Let’s look at these in order. Even though some prominent Yalies like Henry Louis “Skip” Gates, Jr. (who lived at Calhoun) argued for retaining Calhoun’s name, mainly for the sake of its “teachability,” this decision was a massive affront to many black people and a colossal mistake in that Sen. Calhoun was no ordinary racist but was, in fact, the foremost and most ferocious advocate of racial subjugation during the antebellum period.

Calhoun’s famous “slavery a positive good” speech needs to be read through to get a feel for this man’s snaky brilliance (Calhoun was Yale’s valedictorian in 1804). But it was brilliance put to an evil end. Princeton’s Woodrow Wilson undoubtedly did much harm to African Americans by bringing Jim Crow to Washington, D.C. as president, but Wilson’s offense pales in relation to Calhoun’s “achievement” in racist ideology and his active involvement in treasonous activity.

Moreover, as one astute Yale Alumni Magazine reader pointed out in a letter, the context in which the Yale Corporation voted, in May 1931, to name the then-new college for the South Carolinian serpent, was charged with anti-black resentment in New Haven.

In March 1930 Herbert Hoover had appointed an openly white-supremacist judge to the Supreme Court. That nominee narrowly lost a Senate confirmation vote in May, but in July of that same year W.E.B. Du Bois, writing in the NAACP’s Crisis, listed all the senators who had voted in favor of the racist judge and called for them to be denied reelection.

On Du Bois’s hit list were Connecticut’s two senators (both of them Republicans and Yale men, needless to say). It is inconceivable that DuBois’s take-them-down campaign was not very much on the minds of Yale’s trustees in May 1931. Their defiant response: name a gorgeous new gothically-crafted residential college for the man who epitomizes white supremacy, Sen. Calhoun.

Calhoun College originally featured a large stained glass window with shackled slaves kneeling at Sen. Calhoun’s feet. The offensive part of that window was discreetly removed in 1992, but many smaller windows with images representing Calhoun’s “values” remained. slavewindowThen, last month, a black Yale dishwasher who was sick and tired of seeing these degrading images took a broomstick to one of them. While Yale has just announced it will not press charges against the gutsy and self-respecting Corey Menafee, it is very telling that a university committee only voted to remove all of the Calhoun-themed glass after Menafee’s bold action.

And now, what about the naming of the new residential colleges for Franklin and Murray? I think that the choice of Murray was brilliant, even if most people don’t know who she was. But I worry that the Corporation named a college for this fiercely activist and sexually courageous Yale Law grad as a kind of offset for the stupidity and cupidity of naming the other new college for Ben Franklin, a slave owner who had nothing at all to do with Yale (and who, in fact, founded the University of Pennsylvania).

So why go with Franklin?
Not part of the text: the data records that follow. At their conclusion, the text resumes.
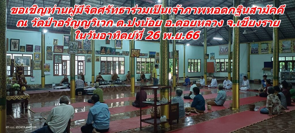 ขอเชิญท่านผู้มีจิตศรัทธาร่วมเป็นเจ้าภาพทอดกฐินสามัคคี ณ วัดป่าอรัญญวิเวก ต.ปงน้อย อ.ดอยหลวง จ.เชียงราย ในวันอาทิตย์ที่ 26 พ.ย.66
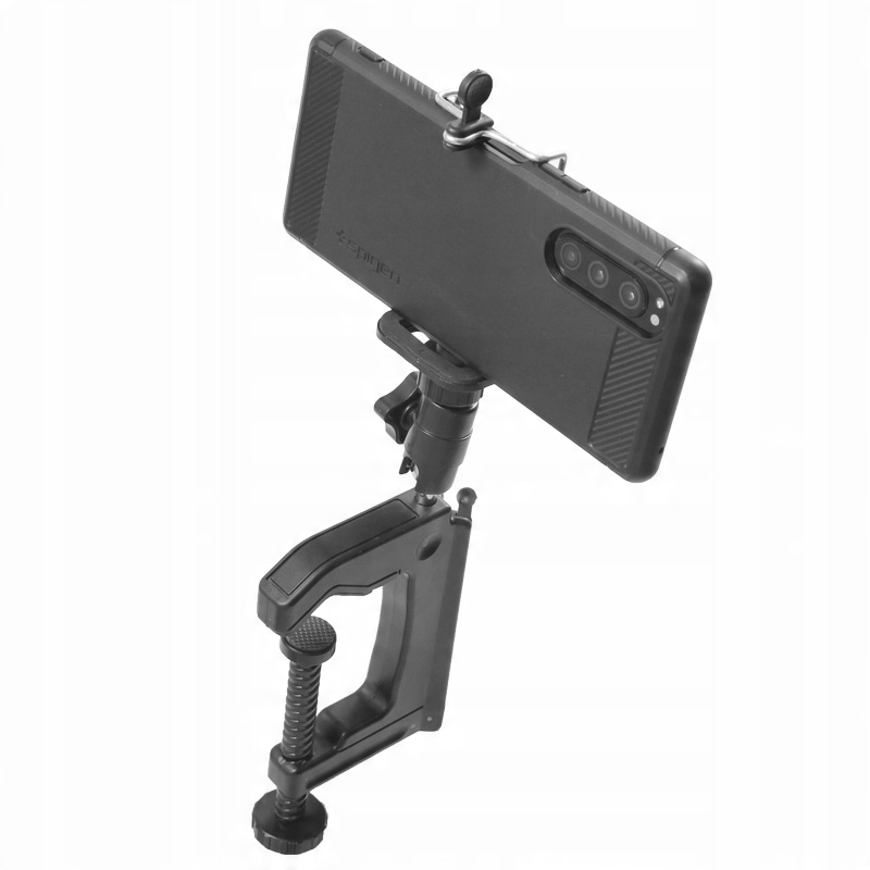 Тримач дозволяє прикріпити штатив як лещата, прикрутивши його до краю столу, стільниці, полиці, труби чи паркану. Його також можна використовувати яккласичний настільний штатив.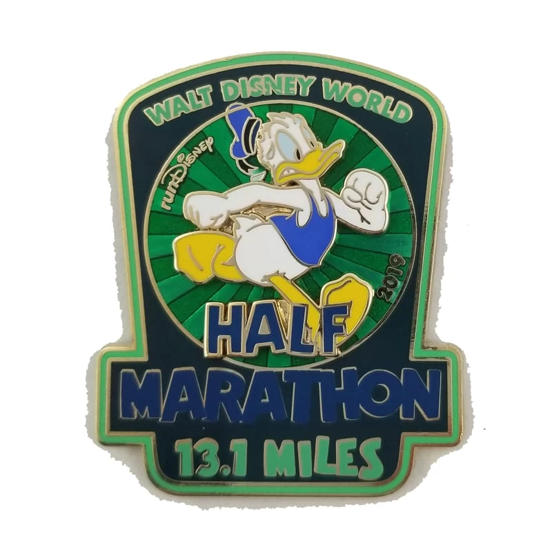 This runDisney 2019 Marathon Weekend pin is Limited Release. It features the 13.1 mile race with Donald Duck running. A must-have for any runDisney Marathoners!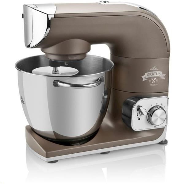 Funkce a příslušenství robota: hnětení; krájení; mísení; mixér; strouhání; šlehání Planetární systém míchání: ANO Objem hlavní nádoby (l): 5.5 Ovládání: mechanické-knoflíkové Počet rychlostí: 8 Pulzní spínač: ANO Plynulá regulace rychlosti: ANO Příkon robota (W): 1200 Materiál nádoby: nerez Značka kvality dTest: NE Retro: NE Provedení výrobku: titanium Tento elegantní kuchyňský robot Gratus Original ETA002890030 disponuje výkonným motorem s příkonem 1200W, který zvládne i vysoké zatížení. Můžete s ním uhníst těsto, šlehat, míchat, mixovat, strouhat i krájet. Spolehlivě připraví suroviny pro dokonalý výsledek vašeho vaření. I proto patří Gratus mezi nejprodávanější kuchyňské roboty od roku 2013. Disponuje planetárním systém míchání, který kvalitněji a systematičtěji zpracovává obsah nádoby a dokonale tak připraví těsto pro všechny vaše dobroty. K tomu přispívá i prodloužená část šlehacího nástavce, která zachytí suroviny až u stěn nerezové mísy a zpracuje tak celý obsah nádoby. S příslušenstvím můžete míchat kynutá těsta, těsta na dortové piškoty, palačinky a lívance, krémy, polevy i pomazánky, umixujete si koktejly, dresinky i krémové polévky a nastrouháte zeleninu i ovoce na přílohy a saláty. Bezpečnost a použití Jeho provedení je celokovové. Díky tomu je robot odolnější, stabilnější a má delší životnost. Plynulá regulace otáček usnadňuje jeho obsluhu a spolu s bezpečnostními pojistkami proti špatnému nastavení a světelnou signalizací provozu zajistí bezpečný průběh celého procesu. Jeho velkou výhodou je jednoduchá a rychlá montáž, výměna příslušenství i snadná údržba. Jednotlivá příslušenství lze mýt v myčce na nádobí, což vám ušetří spoustu času i energie. Ke Gratus robotu lze dokoupit mlýnek na maso, mlýnek na mák, nástavce na výrobu domácích těstovin, nástavec na krájení kostiček nebo dokonce lis na ovoce. S tímto doplňkovým sortimentem zvládnete připravit nejrůznější pokrmy všech světových kuchyní. Další rozšíření pestré škály funkcí nabízí praktický brousek nožů, se kterým pohodlně a bezpečně nabrousíte nerezová i ocelová ostří. ETA na tento produkt poskytuje prodlouženou záruku 10 let na motor. Kuchyňský robot * Nejprodávanější robot roku 2013, 2014 a 2015 v kategorii kuchyňských robotů a kategorii kuchyňských spotřebičů sloužících k přípravě jídla * Velmi výkonný 1200W motor se stabilizátorem udržuje nastavené otáčky i při velkém zatížení * Masivní celokovové provedení (včetně převodovky) zajišťuje dlouhou životnost a dobrou stabilitu při provozu * Planetární systém míchání pro kvalitnější a systematičtější zpracování obsahu nádoby * Plynulá regulace otáček pro volitelnou rychlost a intenzitu zpracování surovin * Funkce PULSE pro maximální otáčky * Možnost nastavení výšky nástavců pro práci s menším množství surovin v nádobě * Otvor v krytu pro snadné plnění surovin za chodu * Inovativní šlehací nástavec s prodlouženou pracovní částí zajistí efektivnější promíchání surovin i u stěn mísy v celé její výšce * Bezpečnostní systém výkyvného ramene: • Umožňuje snadnou výměnu pracovních nástavců • Obsahuje bezpečnostní pojistku proti nechtěnému spuštění v odklopené poloze • Usnadňuje manipulaci díky aretační pojistce při odklopené poloze * Protiskluzové nožky zajišťující stabilitu * Praktický, tichý a účinný pomocník * Velmi rychlé sestavení pracovních nástavců, jednoduché ovládání a snadná údržba * Možnost mytí jednotlivých nekovových dílců v myčce na nádobí * Deklarovaná hladina akustického výkonu 82 dB(A) re 1pW * Hmotnost samostatného kuchyňského robota bez jakéhokoliv příslušenství je 7,6 kg V základní výbavě disponuje robot těmito funkcemi: * šlehání * mísení * hnětení * mixování * strouhání, krájení Příslušenství: * Velkokapacitní nerezová mísa o objemu 5,5 l, včetně průhledného krytu (až 2,5 kg těsta) * Skleněný mixér 1,4 l (nepohlcuje pachy a barvy mixovaných potravin) * Nástavec na strouhání (se 3 diskovými struhadly) + převodovka pro zajištění optimálních otáček * Hnětací hák * Šlehací metla * Mísící metla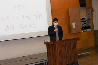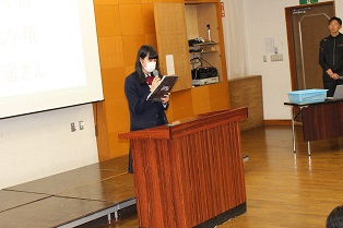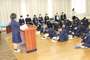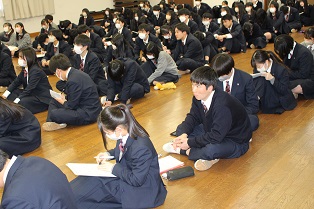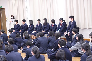 3年生は卒業が近づいて来ました。すでに進学、就職に進路が決まった3年生が後輩たちに話をしてくれました。

Because a rich alumnus who gave $250 million toward the physical expansion of Yale College happens to be madly in love with Franklin.

Wow.

Of course, Yale has whored itself out many times before (and “they all do it”), most notably in not only agreeing (for a gift of $150 million) to name a renovated Commons/Memorial Hall complex for private equity kingpin Stephen Schwarzman but in also agreeing to let Schwarzman himself participate in shaping the programming of the new Schwarzman Center.

Yes, they all do it. But it’s still not pretty to see these old “liberal” institutions, all of which were built with what Lincoln called the “wealth piled up by 250 years of the bondsman’s unrequited toil,” sucking up to the new oppressors for additional gilding. It’s disgusting, in fact.

Oh, and what about the decision to change “master” to “head of college”? Here is where the Corporation might have stood its ground for the sake of “teachability.” Surely even today’s Yale students are capable of understanding that, in an academic context, “master” refers to magister and not to someone sipping mint juleps on the verandah as his “people” sing softly in the gloaming. And, like the decision to honor Pauli Murray, Yale’s abolition of the term “master” hardly compensates for the positive evil of retaining Calhoun’s name while letting plutocrats call all the major shots.